Based on the declaration received from all the Independent Directors
and in the opinion of the Board, all Independent Directors possess integrity, expertise,
experience and proficiency and are independent of the management.
During the year under review, none of the Independent Directors of the
Company has had any pecuniary relationship or transactions with the Company, other than
sitting fees.
The terms and conditions of appointment of Independent Directors are
placed on the website of the Company.
(ii) Board Evaluation
Pursuant to the provisions of the Act and the corporate governance
requirements as prescribed by SEBI Listing Regulations, the Board of Directors (Board) has
carried out an annual evaluation of its performance and that of its individual Directors.
The Board evaluation was conducted through questionnaire designed with
qualitative parameters and feedback based on ratings.
The criteria for performance evaluation of the Board included aspects
like Board composition and structure; effectiveness of Board processes, information and
functioning etc.
(iii) Independent Directors Meeting
A separate meeting of the Independent Directors without the presence of
the Chairman, the Managing Director or other Non-Independent Director(s) or any other
Management Personnel was held on 7th February, 2025. The Independent Directors
reviewed the performance of Non-Independent Directors, Committees of the Board and the
Board as a whole along with the performance of the Chairman of the Company and assessed
the quality, quantity and timeliness of flow of information between the management and the
Board that is necessary for the Board to effectively and reasonably perform their duties.
(iv) Familiarisation Programme for Independent Directors
Your Company has in place a structured induction and familiarisation
programme for its Directors. Upon appointment, Directors receive a Letter of Appointment
setting out in detail, the terms of appointment, duties, responsibilities, obligations,
Code of Conduct for Prevention of Insider Trading and Code of Conduct applicable to
Directors, Key Managerial Personnel and Senior Management Personnel.

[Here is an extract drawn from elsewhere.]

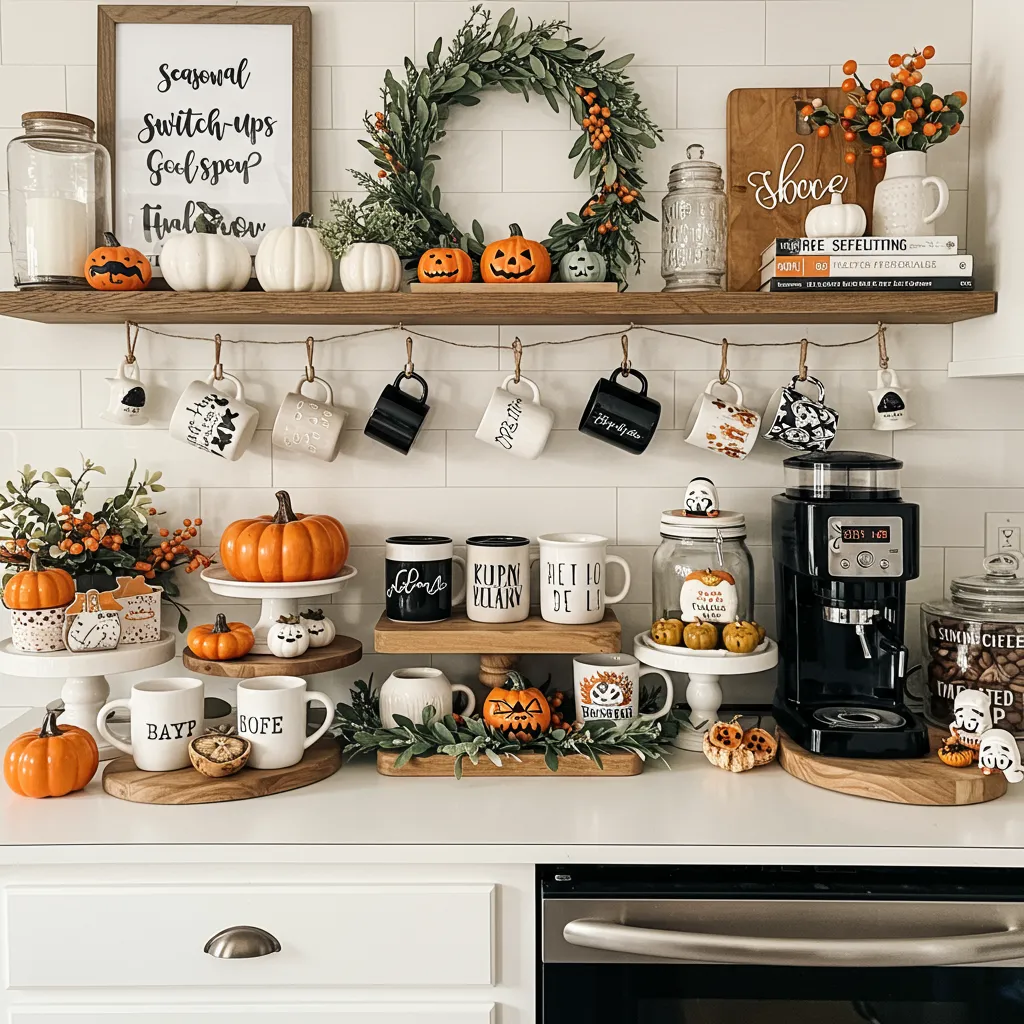I made my coffee bar changeable because I’m one of those people who decorates for every possible occasion—Halloween mugs in October, evergreen sprigs in December, and yes, I have Valentine’s Day coffee accessories. The decorative trays make swapping things out super easy, and it keeps the space feeling fresh without major renovations.

They are also updated on all business-related issues and new
initiatives. Independent Directors are also encouraged to visit the facilities of the
Company and engage with Senior Management. Regular presentations and updates on relevant
statutory changes encompassing important laws are made and circulated to the Directors.

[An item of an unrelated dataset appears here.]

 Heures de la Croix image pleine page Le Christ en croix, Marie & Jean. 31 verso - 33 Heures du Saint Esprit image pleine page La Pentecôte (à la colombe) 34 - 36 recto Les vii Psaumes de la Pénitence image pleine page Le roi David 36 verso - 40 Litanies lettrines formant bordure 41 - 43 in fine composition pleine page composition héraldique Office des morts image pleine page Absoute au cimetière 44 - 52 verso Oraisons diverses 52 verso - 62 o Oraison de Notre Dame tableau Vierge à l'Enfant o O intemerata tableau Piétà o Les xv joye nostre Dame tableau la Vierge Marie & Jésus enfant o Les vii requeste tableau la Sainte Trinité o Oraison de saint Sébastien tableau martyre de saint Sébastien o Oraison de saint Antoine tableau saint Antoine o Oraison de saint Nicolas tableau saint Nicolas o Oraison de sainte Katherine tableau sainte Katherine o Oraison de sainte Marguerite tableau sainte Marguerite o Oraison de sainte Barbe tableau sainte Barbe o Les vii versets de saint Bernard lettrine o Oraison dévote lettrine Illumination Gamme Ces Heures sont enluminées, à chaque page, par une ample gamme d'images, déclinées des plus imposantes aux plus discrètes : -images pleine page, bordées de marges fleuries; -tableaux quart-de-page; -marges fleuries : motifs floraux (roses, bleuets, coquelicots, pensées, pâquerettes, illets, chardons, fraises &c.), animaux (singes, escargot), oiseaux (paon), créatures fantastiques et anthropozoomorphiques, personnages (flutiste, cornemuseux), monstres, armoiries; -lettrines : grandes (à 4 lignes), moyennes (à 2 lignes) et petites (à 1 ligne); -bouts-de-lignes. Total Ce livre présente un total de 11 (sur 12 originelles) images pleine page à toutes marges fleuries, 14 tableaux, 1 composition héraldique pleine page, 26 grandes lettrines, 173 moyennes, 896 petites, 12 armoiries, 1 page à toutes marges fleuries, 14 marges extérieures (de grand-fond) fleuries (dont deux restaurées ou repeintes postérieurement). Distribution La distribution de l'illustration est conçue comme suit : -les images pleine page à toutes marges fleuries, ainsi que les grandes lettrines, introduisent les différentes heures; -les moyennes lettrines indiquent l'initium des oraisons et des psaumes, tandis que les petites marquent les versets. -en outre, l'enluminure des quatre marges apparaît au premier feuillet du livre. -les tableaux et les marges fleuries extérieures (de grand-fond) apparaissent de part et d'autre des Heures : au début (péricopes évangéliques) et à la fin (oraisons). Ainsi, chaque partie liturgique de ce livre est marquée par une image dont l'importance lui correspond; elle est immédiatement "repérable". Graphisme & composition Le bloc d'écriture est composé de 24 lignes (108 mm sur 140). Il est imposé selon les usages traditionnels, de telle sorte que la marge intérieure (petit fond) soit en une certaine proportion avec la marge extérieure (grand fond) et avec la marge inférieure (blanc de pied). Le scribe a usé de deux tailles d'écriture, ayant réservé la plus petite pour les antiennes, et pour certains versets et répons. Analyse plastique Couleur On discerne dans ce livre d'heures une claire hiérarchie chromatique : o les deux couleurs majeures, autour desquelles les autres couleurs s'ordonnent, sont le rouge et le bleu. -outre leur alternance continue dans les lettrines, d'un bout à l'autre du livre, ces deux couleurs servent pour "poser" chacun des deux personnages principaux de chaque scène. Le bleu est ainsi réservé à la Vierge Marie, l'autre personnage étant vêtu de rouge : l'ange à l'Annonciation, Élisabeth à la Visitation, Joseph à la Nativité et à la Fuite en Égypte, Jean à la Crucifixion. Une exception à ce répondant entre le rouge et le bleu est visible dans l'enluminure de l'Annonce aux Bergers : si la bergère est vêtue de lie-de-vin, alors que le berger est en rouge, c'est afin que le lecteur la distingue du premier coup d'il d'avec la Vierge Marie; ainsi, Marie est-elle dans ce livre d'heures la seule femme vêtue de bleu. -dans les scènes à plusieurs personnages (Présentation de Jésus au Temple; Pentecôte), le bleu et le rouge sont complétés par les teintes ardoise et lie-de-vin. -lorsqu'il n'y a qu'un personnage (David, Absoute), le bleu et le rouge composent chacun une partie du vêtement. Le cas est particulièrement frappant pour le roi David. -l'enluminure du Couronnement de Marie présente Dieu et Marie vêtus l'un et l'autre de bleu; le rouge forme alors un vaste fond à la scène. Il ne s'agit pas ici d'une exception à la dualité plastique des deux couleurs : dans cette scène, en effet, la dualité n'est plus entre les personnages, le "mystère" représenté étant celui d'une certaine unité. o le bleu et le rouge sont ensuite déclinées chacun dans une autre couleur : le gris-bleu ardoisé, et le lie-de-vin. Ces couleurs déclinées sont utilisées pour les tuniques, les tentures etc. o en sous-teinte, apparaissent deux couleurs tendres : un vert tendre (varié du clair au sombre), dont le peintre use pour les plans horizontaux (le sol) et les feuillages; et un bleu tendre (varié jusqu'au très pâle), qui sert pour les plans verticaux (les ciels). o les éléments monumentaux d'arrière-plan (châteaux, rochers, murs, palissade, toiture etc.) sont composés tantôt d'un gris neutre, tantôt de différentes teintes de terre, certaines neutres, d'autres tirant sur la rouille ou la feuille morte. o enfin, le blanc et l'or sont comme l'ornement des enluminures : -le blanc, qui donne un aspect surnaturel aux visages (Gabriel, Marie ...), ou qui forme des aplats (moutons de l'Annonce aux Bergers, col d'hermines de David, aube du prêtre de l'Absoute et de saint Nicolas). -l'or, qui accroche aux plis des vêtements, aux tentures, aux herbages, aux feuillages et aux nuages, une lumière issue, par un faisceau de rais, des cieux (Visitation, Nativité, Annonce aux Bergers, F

Such familiarisation programmes help the Independent Directors to
understand the Companys strategy, business model, operations, markets, organisation
structure, risk management etc. and such other areas as may arise from time to time.
The policy on the familiarisation programmes imparted to the
Independent Directors is posted on the website of the Company and may be accessed at:
MANAGEMENT DISCUSSION AND ANALYSIS
As required by Regulation 34(2) of the Listing Regulations, a
Management Discussion and Analysis Report forms part of this Report. The state of the
affairs of the business along with the financial and operational developments have been
discussed in detail in the Management Discussion and Analysis Report.
BUSINESS RESPONSIBILITY AND SUSTAINABILITY REPORT
A Business Responsibility and Sustainability Report, detailing the
various initiatives taken by your Company on the environmental, social and governance
front, forms an integral part of the Annual Report.